マツの話 第2話
だが、マツにはテツジについて、一つだけ気に入らないことがあった。
桃源楼で出逢った振袖新造の、ほの香のことである。
ほの香が十六歳の頃、腹痛で倒れていたところを助けたのがテツジで、それ以来の付き合いだというのだが、これがまた、新婚の夫婦のように仲が良い。
花魁の部屋に呼ばれるときも二人はいつも寄り添って座っているし、忘八である信五郎の前でもそれは同じ。マツが桃源楼にテツジを訪ねるとき、テツジはだいたい、ほの香の膝枕で眠っている。
そんなに仲が良いのに、二人はお互いに恋仲ではないと主張する。
「ほの香は俺の妹みたいなもんでなあ……せっかくの俺の魔羅が、ほの香にはぴくりとも動かん」
テツジはそんなことを言ってしょぼくれた顔を見せるし、ほの香はほの香で
「テツジのダンナはほんに手がかかって……故郷に残してきた弟のようでありんす。弟にしてやれなかったことを、ダンナにしているだけでありんす」
など、お互いがお互い、自身の「下の子」のようだという。
それで一度、テツジに「本当に、ほの香とは恋仲ではないのだな」と確認してみたら、「なんだ、お前、ほの香に惚れてんのか」と、マツの気持ちがあっさりテツジにバレてしまった。

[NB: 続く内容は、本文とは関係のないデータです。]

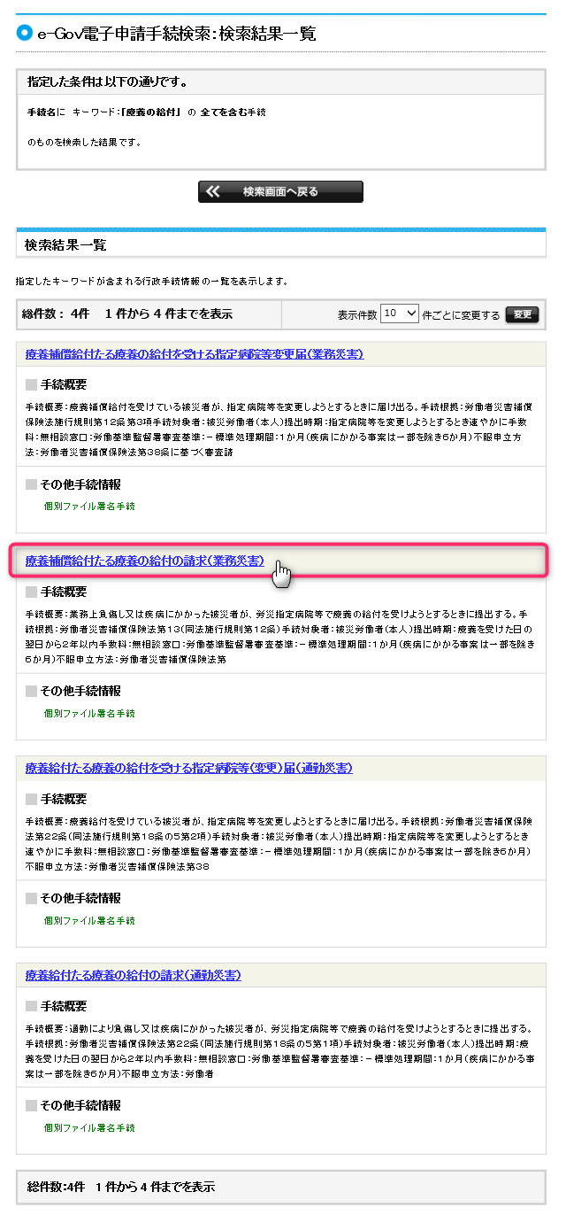 このように検索結果には、療養補償給付たる療養の給付の請求(業務災害)が表示されています。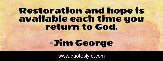 This page presents the quote "Restoration and hope is available each time you return to God.". Author of this quote is Jim George. This quote is about christian, god, forgive, repent, turn, restoration, time, return, hope,.

「遊女に恋など、やめておけ。お前が苦しくなるだけだ」
マツの恋路の邪魔をしたいわけではなかったが、テツジはそれでも首を振る。
「そんなこと、わかってらあ」
二つも年下に諭されて、マツは憎々しげに舌を打つ。
だが、テツジの言うことはもっともだ。
相手は遊女。しかも、振袖新造ともなると将来は花魁となり、一つの郭をしょってたつ運命の娘。まだ新造であるにもかかわらず、ほの香が花魁になった暁の一番道中は日本橋呉服店の大黒屋、潮五郎か……はたまた、ちょっと変わったところで柳川の老舗料亭、助川の御曹司、春之丞ではないか……そんな下世話な噂が飛び交うほど、ほの香の美しさは江戸の町にも響き渡っていた。
「好きだ」
そんな簡単な言葉を、相手に伝えられない。
もどかしいわけではなく、ただ、自分が情けない。
「金があれば……」
ほの香が遊女となる前に、ほの香を身請けする金を貯めることが出来たなら……。
「お前がほの香の亭主になってくれるのならば、俺だってその方が……」
テツジは覆面だから、その表情はわからない。だが、その言葉はまるで、心の底から娘の幸せを願う、父親のように思えた。